In order to search a collection, you must first create that collection using either Crawl or the Bulk API. A collection can be searched before a crawl or bulk job is finished.
Query Operators
The query
argument contains the actual search contents you wish to perform on your collection(s). Multiple operators and values can be combined.
query= | Returns... |
---|---|
computer vision | All objects containing "computer" and "vision" anywhere in all Diffbot-extracted fields. |
"web page analysis" | All objects containing the phrase "web page analysis" anywhere in all Diffbot-extracted fields. |
author:"John Henry" | All objects containing "John Henry" in the author field. All Diffbot fields within a collection can be queried against.Other examples: tags:"Barack Obama" , offerPrice:10.00 |
images.caption:flower | All objects containing "flower" in the caption field within a nested images array.Other example: images.url:amazon.com |
type:article | All objects identified as articles / processed by the Article API. Other examples: type:product , type:image |
football -49ers | All objects containing "football" but not containing "49ers," in all Diffbot-extracted fields. Other examples: title:pantene -title:conditioner , text:diffbot -author:"farhad manjoo" |
john OR paul | Objects containing either "john" or "paul" in Diffbot-extracted fields. OR must be capitalized.Other examples: title:ukraine OR title:putin , "bill clinton" OR "george bush" , title:"puppy chow" OR text:"dog food" |
george AND ringo | Objects containing both "george" and "ringo" in Diffbot-extracted fields. AND must be capitalized.Other examples: title:lakers AND text:basketball , "red sox" AND author:"bill simmons" |
(obama OR clinton) AND president | Objects containing either "obama" or "clinton," and also "president." Parentheses can be used to nest Boolean queries. Other examples: (title:diffbot AND title:robots) OR title:startup |
site:diffbot.com | All objects extracted from diffbot.com. The site operator queries against values in the pageUrl and resolvedPageUrl fields. |
sortby:timestamp | Objects sorted (descending) by the specified Diffbot field. Must be a numeric (e.g. "offerPrice") or date field. For date formatting, see Date Queries below. |
revsortby:date | Objects sorted (ascending) by the specified Diffbot field. Must be a numeric or date field. For date formatting, see Date Queries below. |
min:timestamp:1426784899 | All objects indexed (processed) after March 19, 2015 (in Unix epoch time). The min or max operators work only with numeric or date fields. For date formatting options, see Date Queries below. |
max:offerPrice:1000 | All objects with an offerPrice value equal to or less than "1000." Must be a numeric or date field. For date formatting options, see Date Queries below. |
Query URL Encoding
Be sure to URL-encode your query. The following examples show some sample queries properly encoded.

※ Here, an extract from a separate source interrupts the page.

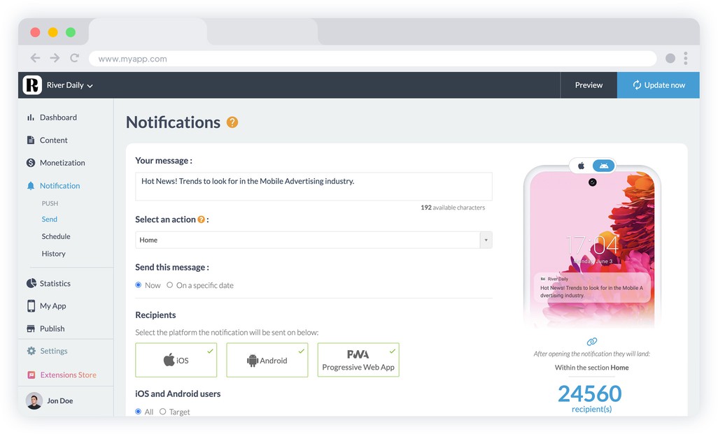 From the dedicated back office page, simply write your message. You define the action that will be triggered when your users open the push notification: open the app, to Home or to a specific section, or open an external link. You can even personalize your notifications by choosing the associated sound, and enabling or disabling badge display on iOS.

Query | URL-Encoded Query |
---|---|
computer vision | computer%20vision |
obama type:article sortby:date | obama%20type%3Aarticle%20sortby%3Adate |
text:cats author:"Jet Li" min:date:1399669321 | text%3Acats%20author%3A%22Jet%20Li%22%20min%3Adate%3A1399669321 |
min:date:"Thu, 22 May 2014 00:00:00 GMT" | min%3Adate%3A%22Thu%2C%2022%20May%202014%2000%3A00%3A00%20GMT%22 |
The space character can be represented by "%20" or the "+"-sign.
Date Queries
You can query against Diffbot API date
fields (the extracted article or discussion post date, for instance), or against the timestamp
field, which represents the time of an object's indexing into the collection.
The timestamp
field can be used to return the latest content from a crawl or bulk job (e.g. min:timestamp:2015-03-01
, for instance only the objects found in the last crawl round, or since the last search was run.
When querying dates, your date values should be in one the following formats:
- ISO 8601, e.g.
2014-05-09
or2014-05-10T17:40:25+00:00
- Unix timestamp, e.g.
1399669321
- RFC 1123 (HTTP/1.1), e.g.
"Fri, 09 May 2014 23:41:22 GMT"
Be sure to wrap any space-containing date strings in quotation marks.
Response
The Search API returns all matching objects found in the collection(s) searched in a JSON format.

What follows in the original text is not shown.